Return exactly, with nothing added, the lines from the one that contains "столовых приборов елочки" through the end of the listing below, pictures excluded.

- _RECORD SET_:

<<<<

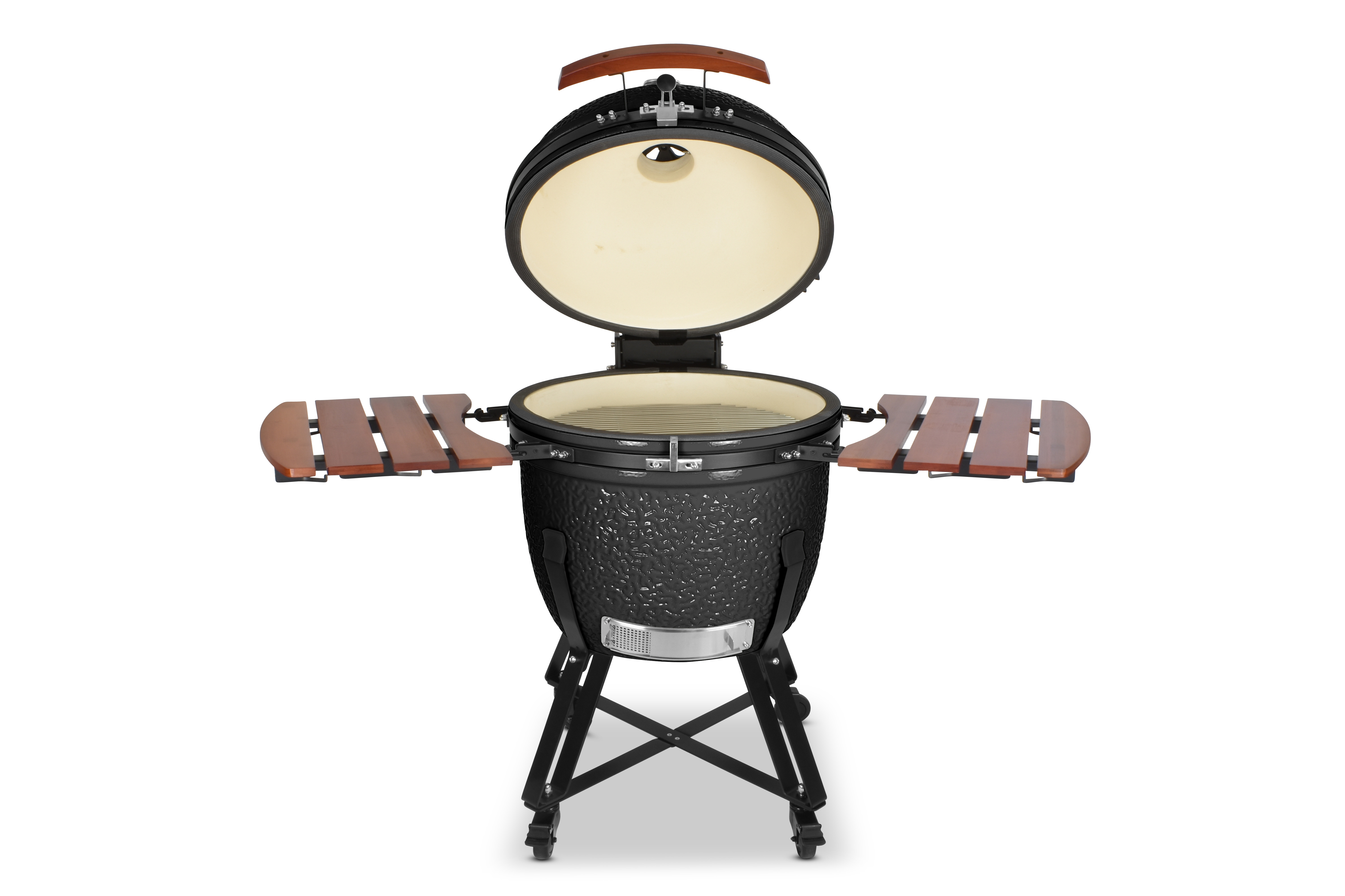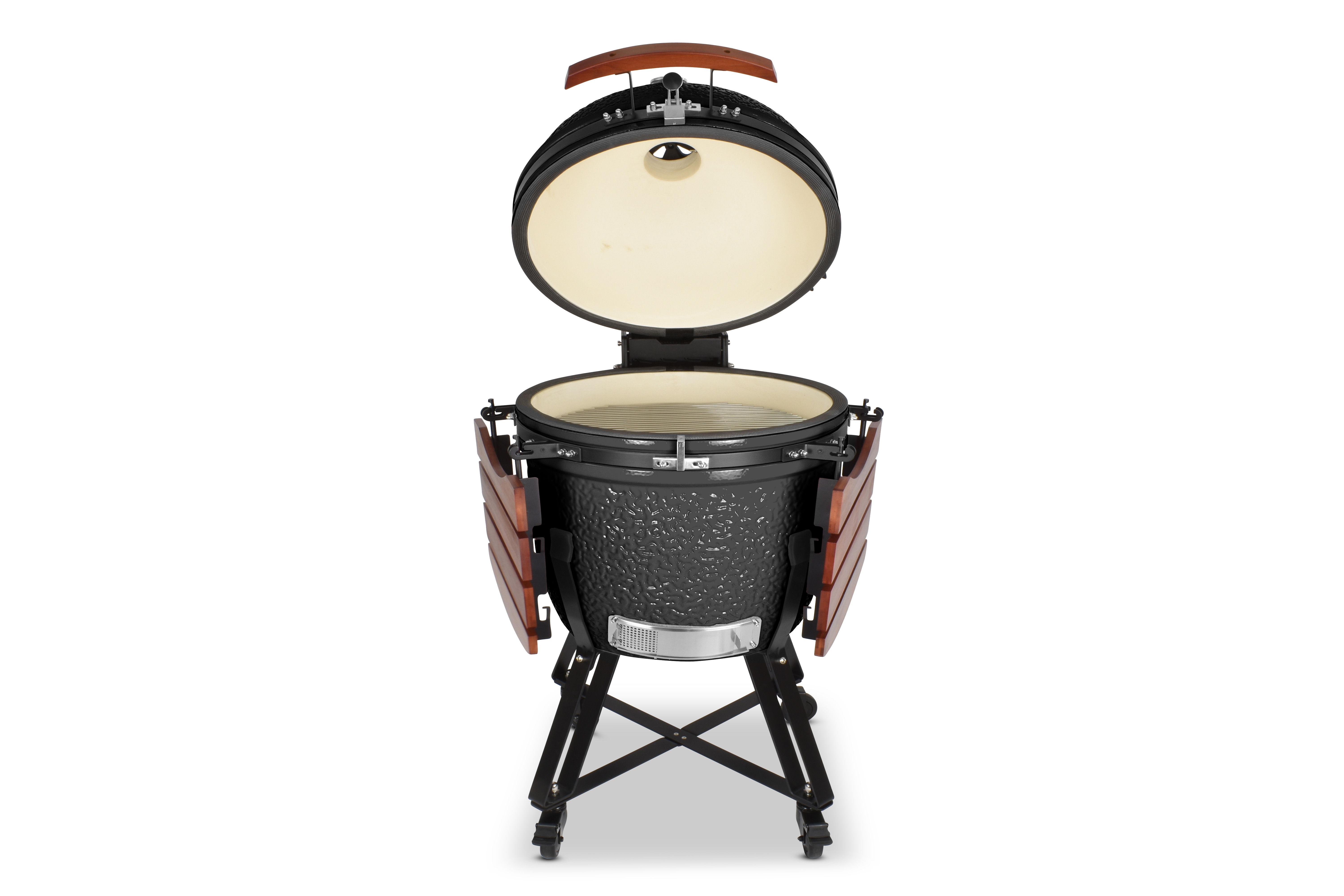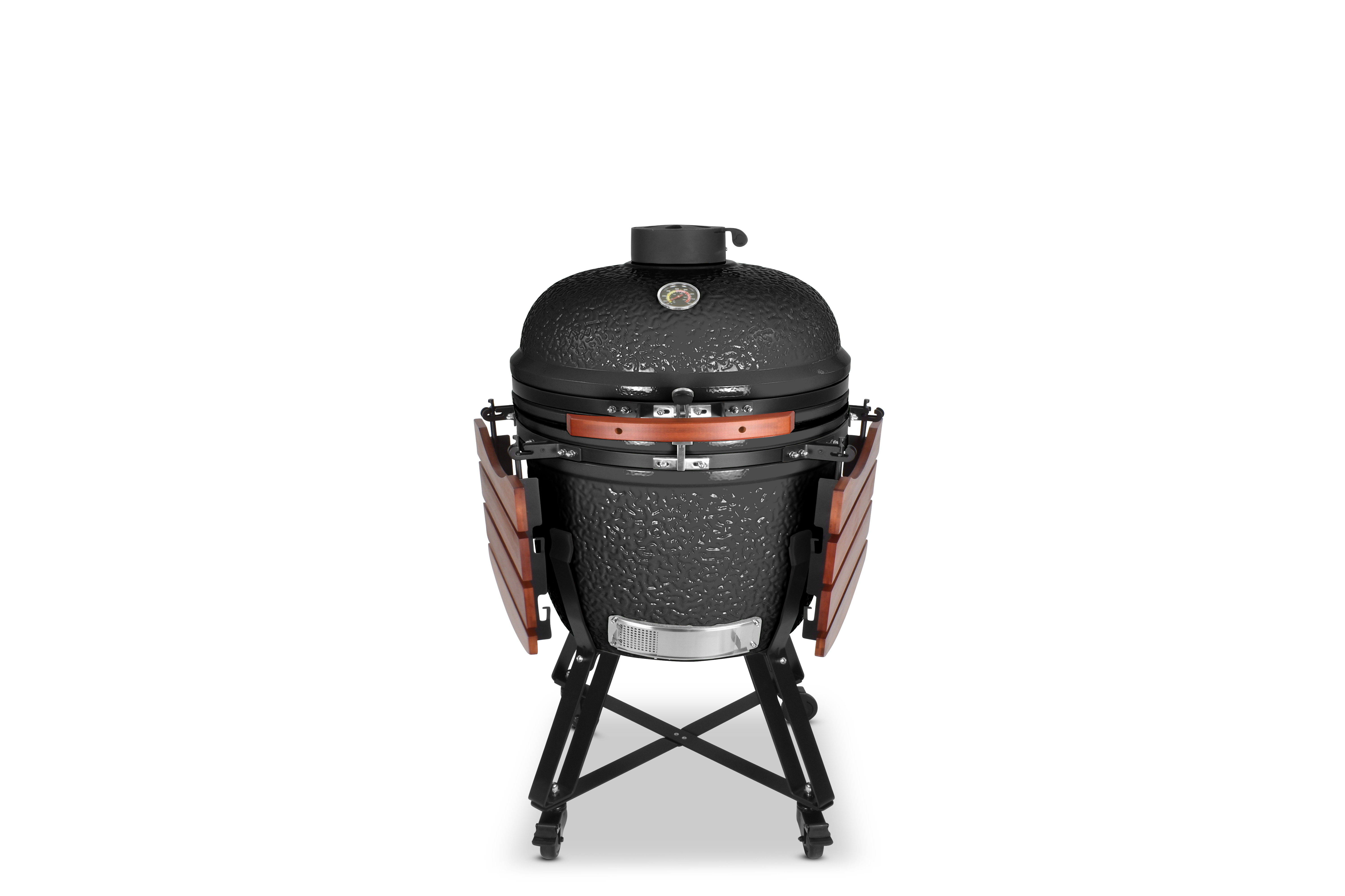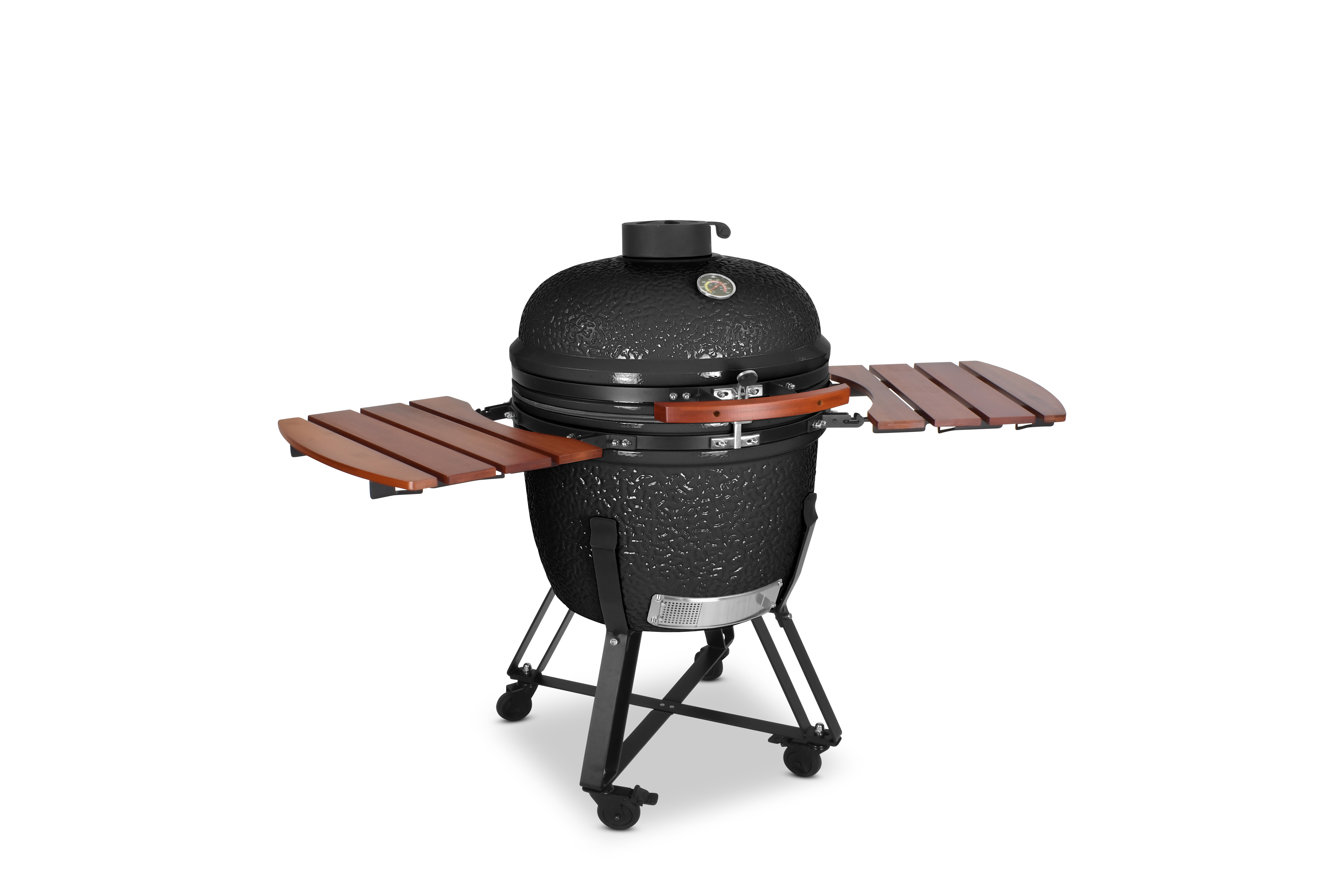 Damit es Ihnen an nichts fehlt, wird der Grill mit einem umfangreichen Zubehörpaket geliefert: Zwei einklappbare Ablagen aus Bambusholz links und rechts neben dem Grilldom bieten genügend Ablagefläche, damit sie immer wissen, wo Grillgut, Besteck oder Getränk ihren Platz finden. Sein Gestell bietet dem Kamado nicht nur einen sicheren Stand und hebt ihn in eine angenehme Arbeitshöhe, sondern ist auch mit vier Schwerlastrollen ausgestattet, um ihn mit wenig Mühe zu bewegen. Damit beim Grillen nichts rollt, besitzen zwei der Räder Feststellbremsen.
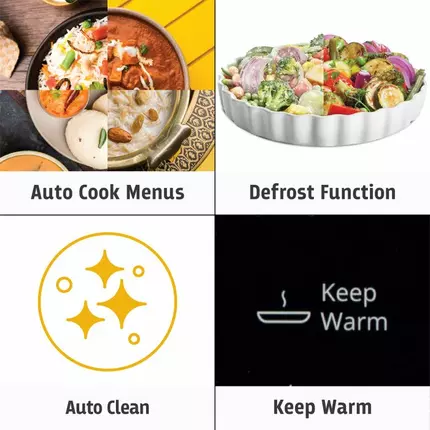 Key features Auto-cook Menu's Express Cooking 5 Power Levels Auto Clean AUTO-COOK MENUS Auto Cook recipe menus to delight your family. EXPRESS COOKING The express cooking feature enables quick cooking/reheating at maximum power, at the single touch of a button. 5 POWER LEVELS Choose from 5 different power levels to set your cooking time. Specifications: Microwaves Details Capacity (L): 23 Oven Type: Solo Special Accessories Starter Kit: No Grill Rack: No Glass Turntable/ Turntable Support: Yes Steam Accessory: No General Information Product Type: Solo Microwave In The Box Contents: Microwave, Turntable, User Manual Installation Type: Freestanding Interior Details Turntable Material: Glass Turntable Diameter (Cm): 24.5 Cavity Material: Superior Powder Coated Color: Black Finish: Steel Exterior Details Door Type: Side Swing Display Type: LED Control Type: Feather Touch Membrane
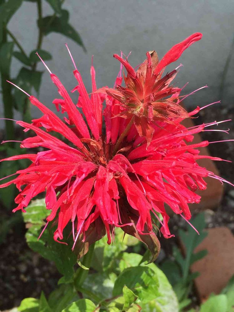 初めて見たけど豪華なお花ですね。花名前はモナルダディディマレッド!凄い長い名前デスネ! 真っ赤で綺麗お花ですね♪
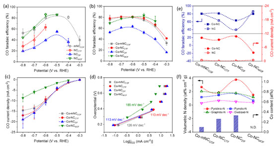 图1. COF演变的氮掺杂碳配位不同过渡金属离子用于高效CO2电化学还原
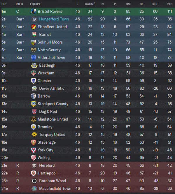 Nous avions terminé ce championnat, là aussi comme la saison dernière, à la seconde position. Mais à la différence de notre précédente année, le champion Bristol Rovers était largement au dessus du lot et mérite sa première place. Nous avons quasiment passé l’ensemble du championnat à cette deuxième place et tandis que l’écart avec le premier s’agrandissait, nos poursuivants nous ont rattrapé sur la fin à la faveur de beaucoup de matchs nuls concédés pour notre équipe.
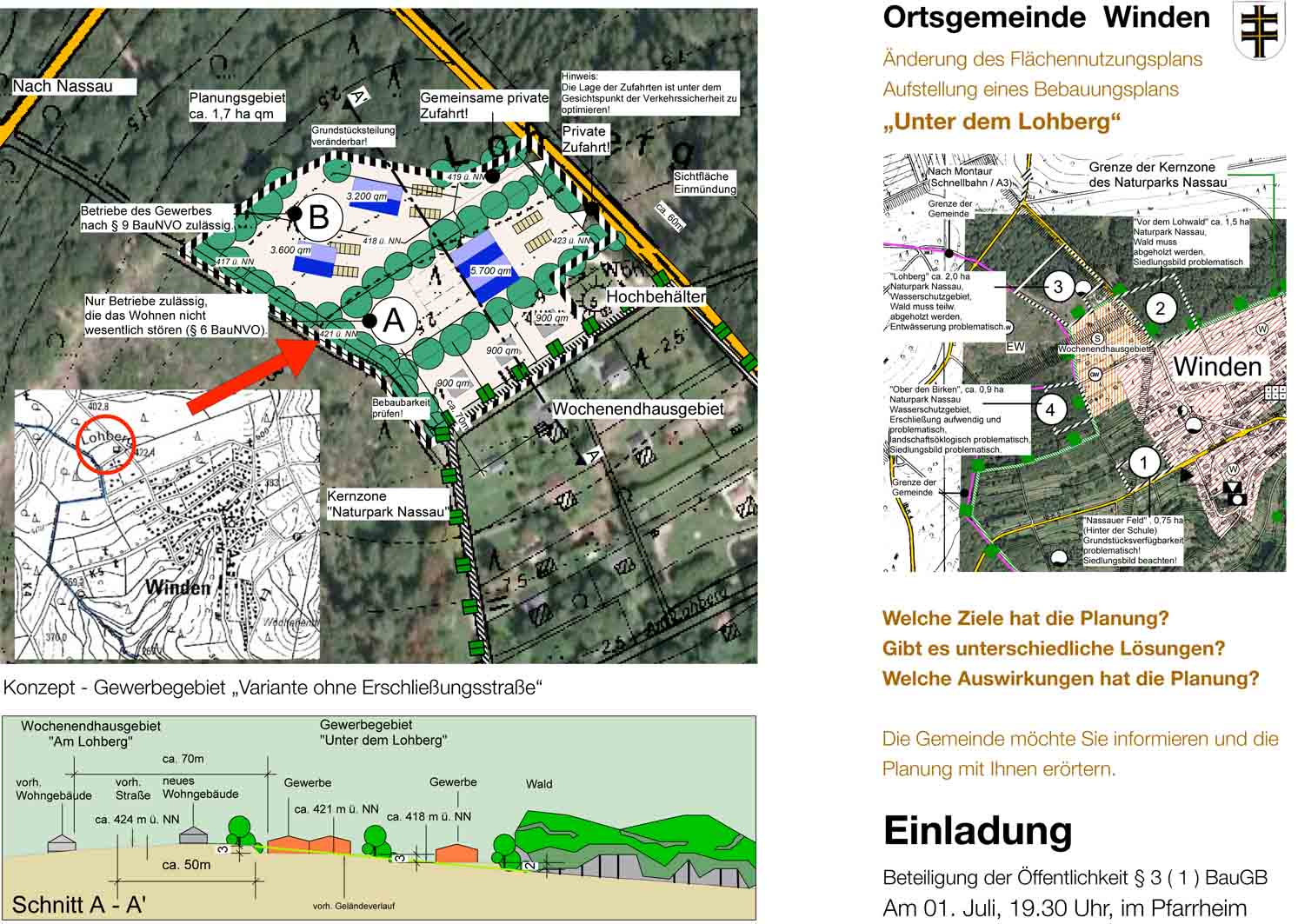 In einer Bürgerversammlung am Montag, 1. Juli, 19.30 Uhr, im Pfarrheim will die Ortsgemeinde die Windener Bürgerschaft an der Planung des Gewerbegebiets „Unter dem Lohberg“ beteiligen. Der vorliegende Entwurf eines Bebauungsplans wird jedem interessierten Bürger dargelegt und erläutert.
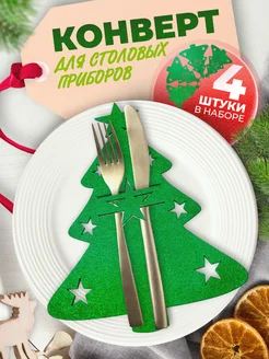 «Новогодний конверт для сервировки» столовых приборов елочки
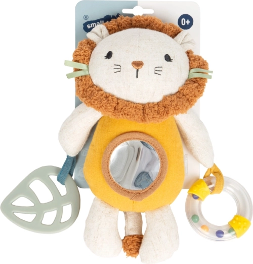 Le petit lion tout doux se distingue par ses surfaces en mousseline et en peluche, agréables au toucher et propices aux câlins. Le hochet intégré avec perles, le petit miroir sécurisé sur le ventre et l’anneau de dentition souple offrent aux bébés une riche stimulation de la vue, de l’ouïe et du toucher. Grâce au clip de suspension, vous fixez facilement le petit lion à la poussette, au lit, au siège auto ou à l’arche d’éveil.
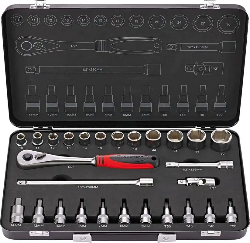Zestaw sześciokątnych końcówek wymiennych klucza nasadowego 1/2″Wykonanie: narzędzia ze stali chromowo-wanadowej, chromowane matowo, końcówki wymienne kluczanasadowego radełkowane, gniazda sześcio- i czworokątne o zaokrąglonych narożnikach doochrony gniazda napędowego i łba śruby. Grzechotka dwukierunkowa z przełącznikiem dźwigniowym, 72-zęby, kąt powrotu 5°. Dostawa w wytrzymałej, czerwono-czarnej kasecie z tworzywa sztucznego, ze schematemrozmieszczenia narzędzi w pokrywie. Narzędzia są umieszczone w 2-kolorowym wkładziepiankowym, gdzie miejsca po brakujących narzędziach są dobrze widoczne.Zawartość zestawu: 1 grzechotka dwukierunkowa z przełącznikiem dźwigniowym 19 sześciokątnych końcówek wymiennych klucza nasadowego 8; 9; 10; 11; 12; 13; 14; 15; 16; 17; 18; 19; 21; 22; 24; 27; 30; 32; 34 mm 4 końcówki wymienne klucza, sześciokątne, długie, 10; 13; 17; 19 mm 2 nasadki do świec zapłonowych 16; 21 mm 1 uchwyt poprzeczny z elementem ślizgowym 2 przedłużki 125; 250 mm1 przegub Kardana
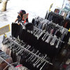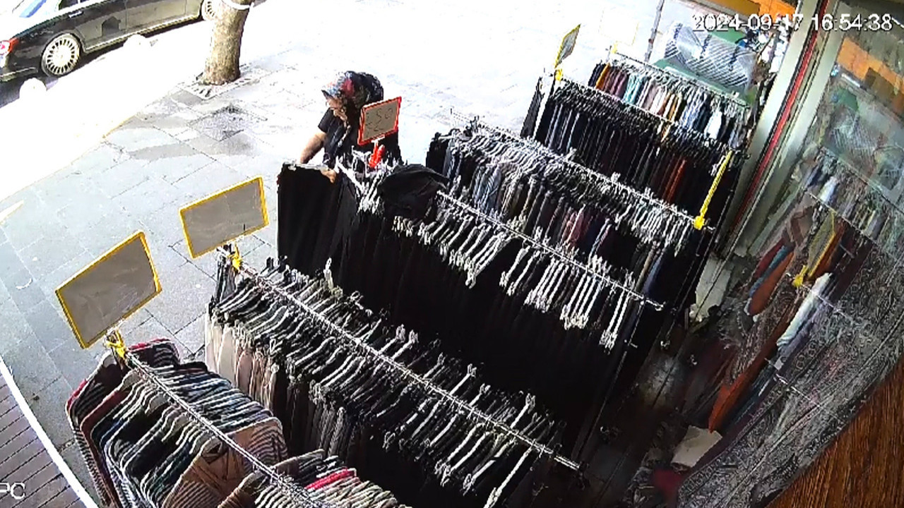 İstanbul'un Arnavutköy'de bir giyim mağazası önünde sergilenen elbiseleri seçerek beğenen kadın, ürünleri çantasına doldurarak çaldı. Hırsızlık anı güvenlik kamerası tarafından görüntülendi.

>>>>

- _ANSWER FOR THIS EXERCISE_:
 «Новогодний конверт для сервировки» столовых приборов елочки
 Le petit lion tout doux se distingue par ses surfaces en mousseline et en peluche, agréables au toucher et propices aux câlins. Le hochet intégré avec perles, le petit miroir sécurisé sur le ventre et l’anneau de dentition souple offrent aux bébés une riche stimulation de la vue, de l’ouïe et du toucher. Grâce au clip de suspension, vous fixez facilement le petit lion à la poussette, au lit, au siège auto ou à l’arche d’éveil.
Zestaw sześciokątnych końcówek wymiennych klucza nasadowego 1/2″Wykonanie: narzędzia ze stali chromowo-wanadowej, chromowane matowo, końcówki wymienne kluczanasadowego radełkowane, gniazda sześcio- i czworokątne o zaokrąglonych narożnikach doochrony gniazda napędowego i łba śruby. Grzechotka dwukierunkowa z przełącznikiem dźwigniowym, 72-zęby, kąt powrotu 5°. Dostawa w wytrzymałej, czerwono-czarnej kasecie z tworzywa sztucznego, ze schematemrozmieszczenia narzędzi w pokrywie. Narzędzia są umieszczone w 2-kolorowym wkładziepiankowym, gdzie miejsca po brakujących narzędziach są dobrze widoczne.Zawartość zestawu: 1 grzechotka dwukierunkowa z przełącznikiem dźwigniowym 19 sześciokątnych końcówek wymiennych klucza nasadowego 8; 9; 10; 11; 12; 13; 14; 15; 16; 17; 18; 19; 21; 22; 24; 27; 30; 32; 34 mm 4 końcówki wymienne klucza, sześciokątne, długie, 10; 13; 17; 19 mm 2 nasadki do świec zapłonowych 16; 21 mm 1 uchwyt poprzeczny z elementem ślizgowym 2 przedłużki 125; 250 mm1 przegub Kardana
 İstanbul'un Arnavutköy'de bir giyim mağazası önünde sergilenen elbiseleri seçerek beğenen kadın, ürünleri çantasına doldurarak çaldı. Hırsızlık anı güvenlik kamerası tarafından görüntülendi.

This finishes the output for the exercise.